My best friend had pneumonia last year. It did not warrant the kind of sick days where you can secretly enjoy binge-watching TV and eating ice cream; it was actually debilitating, and it did not sound like a pleasant experience by any stretch of the imagination. I know deep down that, if I were to come down with a similar illness, I would need to take time off work, and the title of this post is a (hopefully) obvious hyperbole. But I also know that many teachers who shouldn’t be at work go anyway, and here’s why.
“Taking a day,” in short, is so much more of a hassle than just sticking it out and hoping you feel better in the afternoon. The unplanned days are the worst. I don’t know many teachers at all who are out of personal or sick days (some districts differentiate, and some don’t); rather, I know a far larger number of educators who have such a buildup of PTO in their bank that they couldn’t use it all if they tried. This just goes to show that I am not alone in my timidity to take needed time.
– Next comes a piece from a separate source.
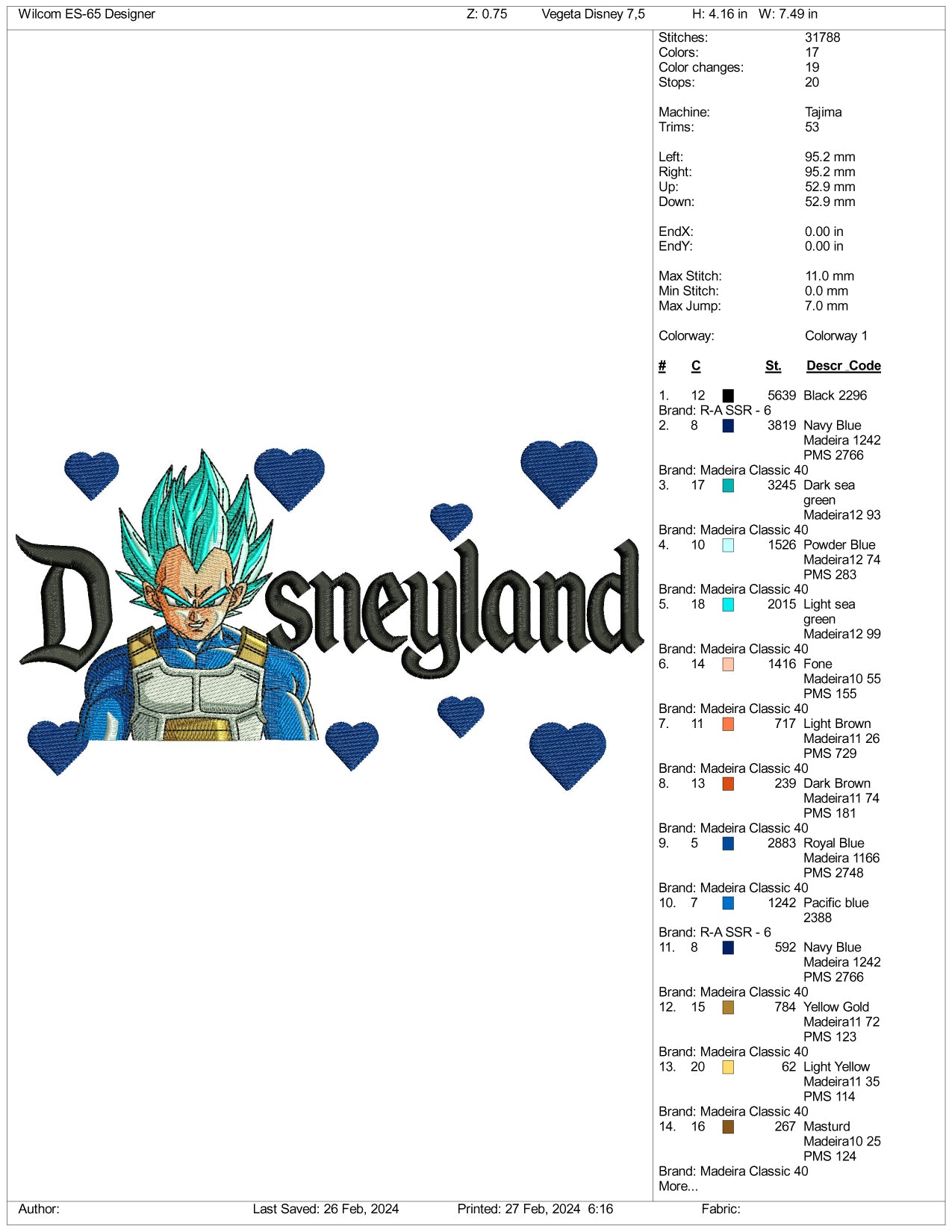 Archivos de diseño de bordado de Vegeta Disneyland - 3 tamaños

I know that study after study has proven that adults need playtime, too and that Americans should take more vacation. However, with the breakneck pace of our curriculum, let alone personal relationships, paperwork, and individual student issues, it just doesn’t seem worth it – or even possible.
If I do make the decision that I need to miss a day, because I’m too sick or the event or trip is too important to miss, one of two things will happen. Firstly, a sub might show up. Hopefully, I know in advance who has booked themselves in the district-wide system, and that person does not cancel late the night before. But quite possibly, this sub is a last-minute addition or even a TA pulled from other duties at our school. Either way, there’s not a good way of knowing how much or what kind of, if any, experience this substitute teacher has in a classroom. Thus, there’s no way of knowing whether or not the lesson plan you tirelessly constructed and probably even over-prepared for will be followed at all. It will almost certainly not be taught with fidelity. In short, I can’t hold my kids accountable for anything unless I’ve taught it to them, anyway, so I end up having to plan and prepare more than I would for a day that I’d be there (just in case they finish early – think about it: when you had a sub, didn’t you rush through your work because you knew you could be extra squirrelly when your teacher wasn’t around? Well, I’ve found that the best way to prevent this is to provide students with enough work to keep them engaged but ultimately keep them busy for the entire class period) only to return to piles of papers that aren’t even worth grading because how will I ever know what the sub REALLY explained to them or monitored or…? I digress.
What ends up happening is that I plan a lot of work for students to do – lots more than I would ever expect to get done in a class period, and all things that can be done completely independently. (On the off chance that no sub is available, students in each class period will be split among remaining teachers, and I know, having been on the receiving end of such extra students, the wrath that could come from students being sent with no work.) This usually ends up looking like a packet of problems or questions. As I mentioned, I have no intention of grading this when I return, but I need to convince the students otherwise. And in all honesty, I will probably spend a good amount of time looking over it, just to see how my kids are progressing without me.
Of course, there’s a lot that has to go into the process of even getting a sub. It varies by school, but the requirements are usually some combination of a phone call, email, and log in an online system. Those are bare minimum, according to policy, but every good teacher is also going to let their colleagues and students know of their absence in advance, taking a few extra moments the day or two before to go over intended lesson plans and assignments.
Oh, yeah. Before I even leave school the day before my planned absence, I know that I need to “sub-proof” my classroom. In years past, I have had things go missing when I’m gone – maybe not during class, but when I’m not there for the entire day and no one else has keys, my door has to stay unlocked from 8-4. Beyond that, my mother taught me to clean up before people come over. Thus, I feel the need to straighten up and organize my desk before anyone else plans to spend any time at it.
Taking this into account, just imagine coming back the day after the absence: furniture is askew; papers are piled up and maybe sorted into stacks by class period; sticky notes that I painstakingly used to label each individual assignment are somehow, inexplicably, still intact on full stacks of papers. What did they do while I was gone? I vaguely wonder as I begin to pull out from their secret hiding spots all of my favorite magnets and the best colors of dry erase markers and return them to their rightful locations…
I wrote the above post assuming advance knowledge of the absence. If a teacher comes on with an unexpected illness mere hours before their report-to-work time, just imagine everything above needing to happen with no one in charge of making sure it gets done.
As a student, did you have any idea what was going on behind the scenes of the days with substitutes? Teachers, does anyone have vastly different experiences than I? Please weigh in.